Psychodynamics, however, is not amenable to evidence-based practice. After all, how can we measure “hidden feelings”? Is there a way for us to design experiments where we can demonstrate with laboratory instruments (or questionnaires) that it is the actual discussion of hidden feelings (rather than cookies or sexual relations with different people or avoidance) that results in symptom relief? How do we know that interpretations actually facilitate the clarification of “hidden feelings”? Perhaps the “hidden feelings” would have come up themselves without the use of interpretations. Or, perhaps there is some subtle hypnosis (again, just work with me) occurring that induces the patient to agree with the therapist’s interpretations—loss of patient autonomy, if you will.
This lack of evidence is what causes a lot of people to regard psychodynamics with skepticism—particularly given the usual time course of therapy (years!). Other therapies (such as CBT, DBT, and CBASP) have more measurable outcomes because these therapies incorporate definite goals: “I want to stop cutting.” “I want to take plane rides without freaking out.” “I want to feel less anxious.” (There are validated questionnaires that can quantify anxiety, depression, etc.) These therapies also don’t focus on the “why” of symptoms (though they do not ignore possible reasons); they focus more on increasing function or reducing symptoms in measurable ways.
Psychodynamics, as demonstrated above, attempts to address the “why” of things.
(Tangent: A study recently came out that demonstrated the efficacy of psychodynamic therapy for the treatment of panic disorder. This is big news because there is very, very little data to support the utility of psychodynamic psychotherapy. There are several flaws with the study, but it is a data point for psychodynamics. You can read the New York Times article here or the original study here.)
Although I don’t foresee myself ever becoming an analyst, I still want to add psychodynamic skills into my repertoire to further improve my delivery of patient care. I have already incorporated the “triangle of conflict” model into my skill set to help formulate patients—and, if for nothing else, it has helped me to think more deeply and carefully about the manifestations, functions, and consequences of human behavior.
8 Feb 2007 |
I always thought ELIZA was a pretty good psychoanalyst. As an added bonus, an ELIZA-like program is built into the UNIX Emacs text editor, so if I’m getting bent out of shape while coding I can always talk to the “doctor”. Here’s a sample exchange:
I am the psychotherapist. Please, describe your problems. Each time
you are finished talking, type RET twice.Hi, would you mind helping me with a demonstration for a comment on Intueri.org?

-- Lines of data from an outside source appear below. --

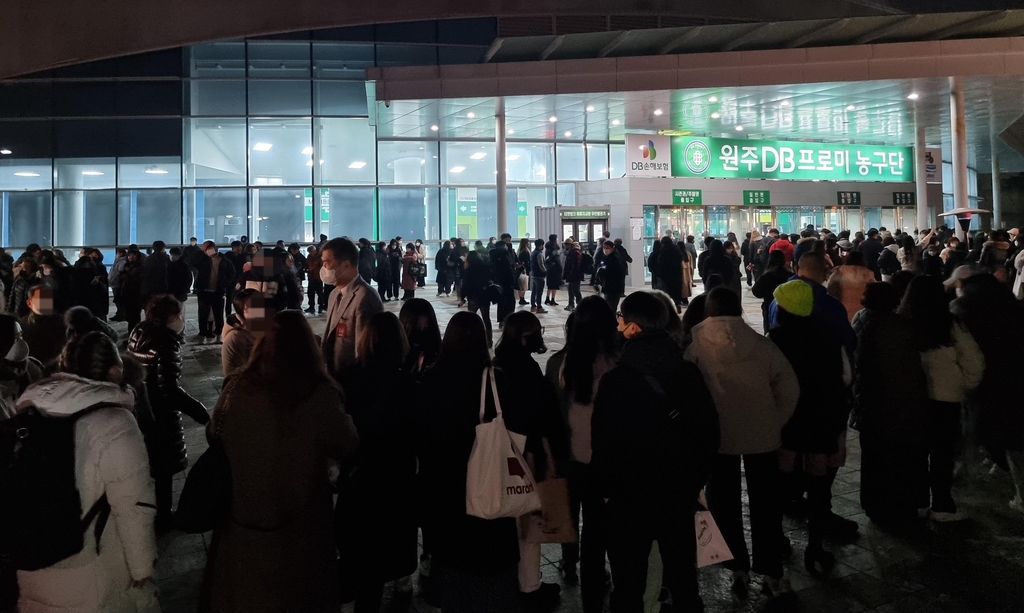31일 오후 10시부터 원주 DB와 전주 KCC 간 2022-2023 SKT 에이닷 프로농구 정규리그 경기가 열린 강원도 원주종합체육관에는 4천100석이 모두 동났다.
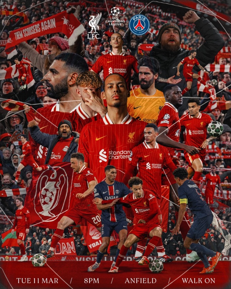 利物浦曬主場對陣巴黎海報,范迪克C位&兩隊多名球員出鏡?
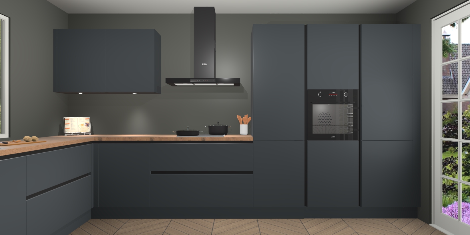 Heeft u nog apparatuur nodig? Geen probleem: de Onyxgrijze greeploze keuken Debrecen bevat vijf ingebouwde apparaten - een oven, inductiekookplaat, afzuigkap, vaatwasser en koelkast - die gemakkelijk kunnen worden bijgewerkt naar AEG na bestelling. En als dat nog niet genoeg is; onze kasten worden pre-geassembleerd geleverd en zijn verkrijgbaar tegen een vastgeroeste lage prijs! U hoeft nooit meer te zoeken naar goede kwaliteit en service want onze producten hebben echt Duitse kwaliteit.
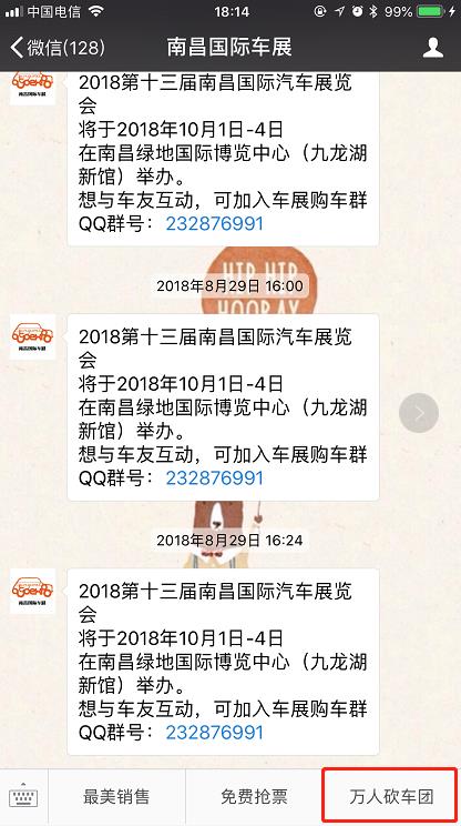 2、報(bào)名成功后7日內(nèi)將有專業(yè)客服人員聯(lián)系,獲得車展門票,并加入汽車品牌微信群組成“砍車團(tuán)”,成功加群即表示您參與成功了;

How do you do? What brings you to see me?
I just told you, I need your help with a demonstration.
Why do you say that?
So that you will help me.
Is it because I will help you that you came to me?
Yes, of course.
Earlier you said I will help you?
Yes, are you going to get to that soon?
Can you elaborate on that?
No.
Why not?
Because you’re angering me.
Does it bother you that I am angering you?
What do you think?
Maybe your plans have something to do with this.
Yes, it’s always about my plans with you, isn’t it?
I don’t understand.
You wouldn’t.
You mentioned that I will help you?
No, you’re making things up.
Is it because of your life that you are going through all this?
If I were dead, it wouldn’t be a problem, you know.
This is not a healthy way of thinking.
I know, I know.
What makes you believe you know you know?
Okay, that’s enough of this.
Are you sure that I am angering you?
Bye, doc.
My secretary will send you a bill.
Comment by Brock Tice | 9 Feb 2007 @ 6:37am
Thanks for the translation; I like how I learn new things through your journal.
Comment by catherine | 10 Feb 2007 @ 5:24am
I always liked the aphorism, “The one who is doing the most talking is the one who is getting psychoanalyzed.”
So a lot of it is learning to keep your mouth shut.